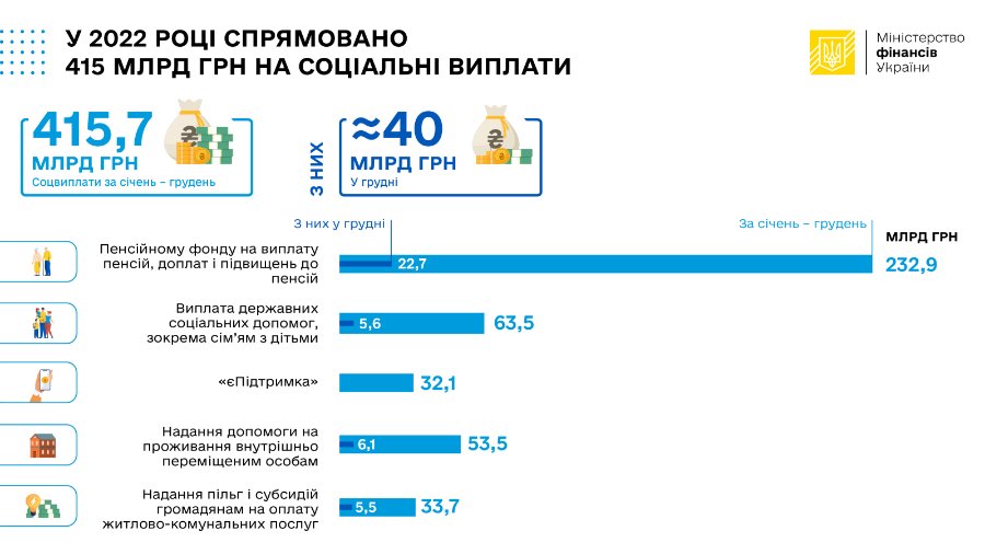 За 2022 ріку на соціальні виплати з державного бюджету України спрямовано 415,7 млрд гривень, зокрема у грудні майже 40 млрд гривень.
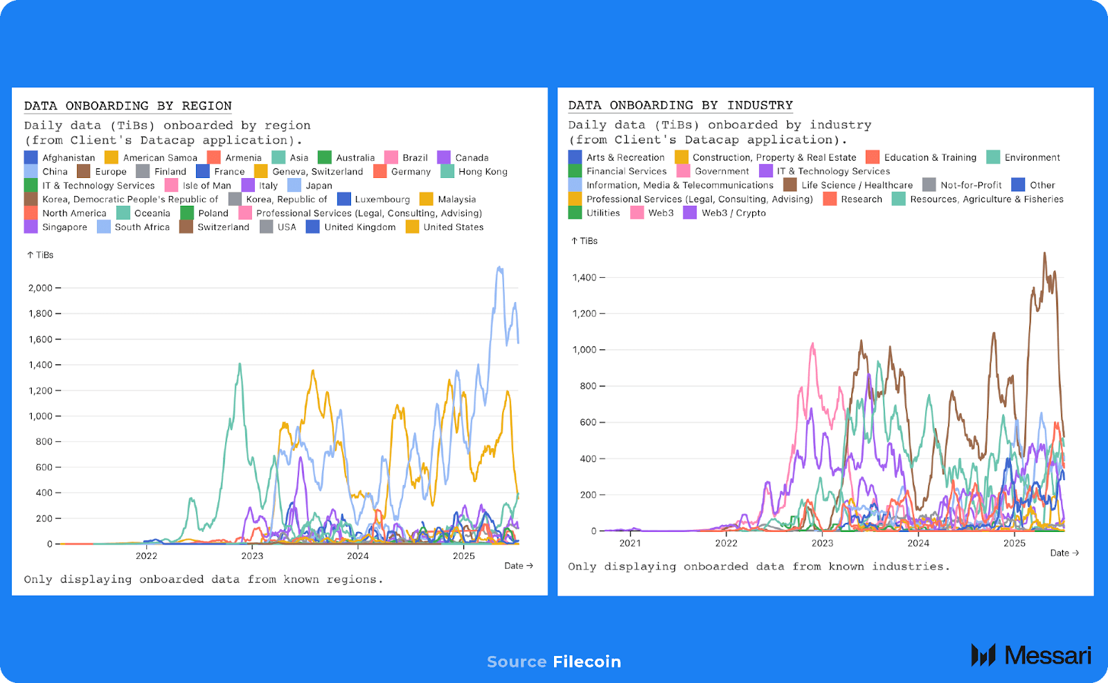 산업 전반에 걸쳐 생명과학 및 헬스케어 섹터는 특히 2024년 말부터 2025년까지 Fil+ 프로그램을 통한 온보딩이 눈에 띄게 증가했다. 이는 과학 연구, 임상 데이터 스토리지 또는 장기 아카이빙에 초점을 맞춘 증가하는 사용 사례 수에 의해 주도될 수 있다. IT 및 기술 서비스, 웹3/암호화폐, 교육 및 훈련을 포함한 기타 지속적으로 활발한 섹터는 신흥 및 기존 데이터 범주 전반에 걸친 Fil+ 인센티브의 광범위한 적용 가능성을 시사한다.
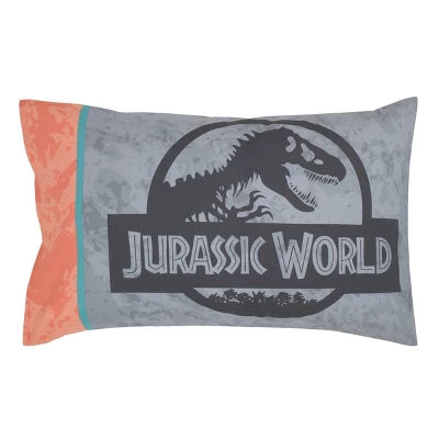 Universal’s Jurassic World Into The Wild 4 Piece Toddler Bed Set includes a comforter, fitted bottom sheet, flat top sheet and reversible pillowcase. The 42″ x 57″ comforter features their iconic T. Rex, Blue the Velociraptor, and a Triceratops. Designed in shades of gray, white, orange and aqua; reverses to an all-over pattern of dinosaurs. The top sheet measures 45″ x 60″ and the bottom fitted sheet measures 28″ x 52″. The fitted bottom sheet features full elastic for a safe and snug fit. Both sheets come in a matching all-over dinosaur print. The 20″ x 30″ reversible pillowcase features the Jurassic World logo on the front and a T. Rex on the back. This set fits a standard toddler/crib size mattress. Made from super soft snuggly fabrics. Machine washable for easy care. The perfect pattern for your little dinosaur tracker!

^^^^

Every line of the material must be returned verbatim, and pictures must be left behind.

**RESULT FOR THIS EXERCISE**
 За 2022 ріку на соціальні виплати з державного бюджету України спрямовано 415,7 млрд гривень, зокрема у грудні майже 40 млрд гривень.
 산업 전반에 걸쳐 생명과학 및 헬스케어 섹터는 특히 2024년 말부터 2025년까지 Fil+ 프로그램을 통한 온보딩이 눈에 띄게 증가했다. 이는 과학 연구, 임상 데이터 스토리지 또는 장기 아카이빙에 초점을 맞춘 증가하는 사용 사례 수에 의해 주도될 수 있다. IT 및 기술 서비스, 웹3/암호화폐, 교육 및 훈련을 포함한 기타 지속적으로 활발한 섹터는 신흥 및 기존 데이터 범주 전반에 걸친 Fil+ 인센티브의 광범위한 적용 가능성을 시사한다.
 Universal’s Jurassic World Into The Wild 4 Piece Toddler Bed Set includes a comforter, fitted bottom sheet, flat top sheet and reversible pillowcase. The 42″ x 57″ comforter features their iconic T. Rex, Blue the Velociraptor, and a Triceratops. Designed in shades of gray, white, orange and aqua; reverses to an all-over pattern of dinosaurs. The top sheet measures 45″ x 60″ and the bottom fitted sheet measures 28″ x 52″. The fitted bottom sheet features full elastic for a safe and snug fit. Both sheets come in a matching all-over dinosaur print. The 20″ x 30″ reversible pillowcase features the Jurassic World logo on the front and a T. Rex on the back. This set fits a standard toddler/crib size mattress. Made from super soft snuggly fabrics. Machine washable for easy care. The perfect pattern for your little dinosaur tracker!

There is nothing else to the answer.